[Rarebooks] fa: EARL OF CHESTERFIELD: LETTERS TO HIS SON • First Edition/First Issue • 1774

ArCh ardchamber at earthlink.net
Wed Oct 25 12:02:36 EDT 2023


Auction ends Sunday, October 29. Images and more details can be found at the URL below or by searching for the seller name arch_in_la. 

https://tinyurl.com/ymdoqaee

Thanks again,
Ardwight Chamberlain
Ann Arbor, MI, USA


Lord Chesterfield: Letters Written by the late Right Honourable Philip Dormer Stanhope, 4th Earl of Chesterfield, to his Son, Philip Stanhope, Esq; late Envoy Extraordinary at the Court of Dresden: Together with several other pieces on various subjects. Published by Mrs. Eugenia Stanhope, from the originals now in her possession. In two volumes. London: Printed  for J. Dodsley in Pall-Mall, MDCCLXXIV [1774]. First edition, first issue. Two volumes, 4to (29.5 cm), in early/period full polished calf, rebacked preserving the original gilt-tooled spines, gilt-lettered morocco spine labels; [4], vii, [1], 568 pp.; [4], 606, [2] pp; with the half-titles in both volumes, errata leaf in vol. II, portrait frontispiece in vol. I. ESTC T136181.

The uncommon first issue of the first edition, with the typo "quia uroit" for "qui auroit" on p. 55, line 16. Bindings with some rubbing and edge wear, corners bumped; contents with generally mild browning and offsetting (heavier on a few leaves in vol. II), scattered foxing, a few occasional small stains and/or touches of soiling, small ink stain to the fore-edge of the text block of vol. II; else clean and sound, securely bound in handsome calf bindings of the period. Front paste-downs with the modern bookplate of antiquarian bookseller Peter Stewart Young, Tillingham.

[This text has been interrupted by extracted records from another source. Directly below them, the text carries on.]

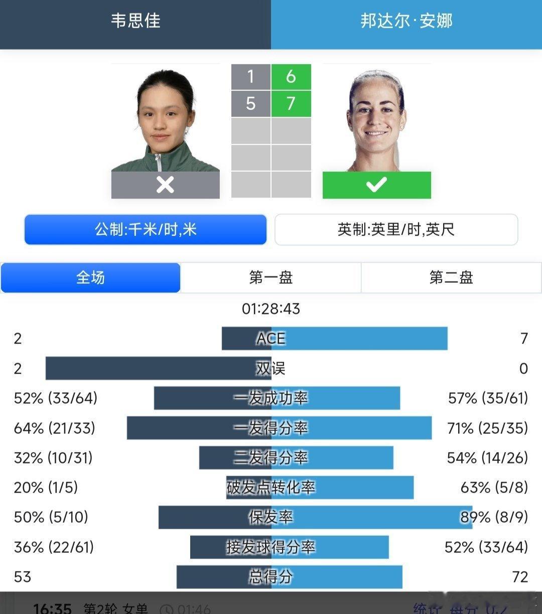 韦思佳🇨🇳1-6/5-7不敌2号种子邦达尔🇭🇺,无缘8强。下一站加油!
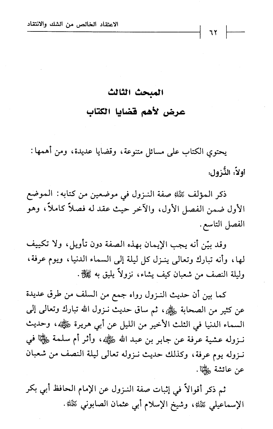 وقد بيّن أنه يجب الإيمان بهذه الصفة دون تأويل، ولا تكييف لها، وأنه تبارك وتعالى ينزل كل ليلة إلى السماء الدنيا، ويوم عرفة، وليلة النصف من شعبان كيف يشاء، نزولاً يليق به - سبحانه وتعالى -.
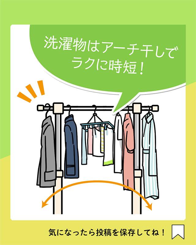 中央に長い衣類、両端に短い衣類を干す「アーチ型」にすることで、空気の流れが生まれ、乾きやすくなります。

An attractive example of this phenomenally successful collection of Lord Chesterfield's letters to his illegitimate son, published posthumously by his son's widow. Begun when his son was only five and continuing for over thirty years until the latter's death in 1768, the correspondence became the eighteenth-century handbook on the "Art of Becoming a Man of the World and a Gentleman," often reprinted and widely emulated. On the other hand, Samuel Johnson condemned Chesterfield's letters for teaching "the morals of a whore and the manners of a dancing-master."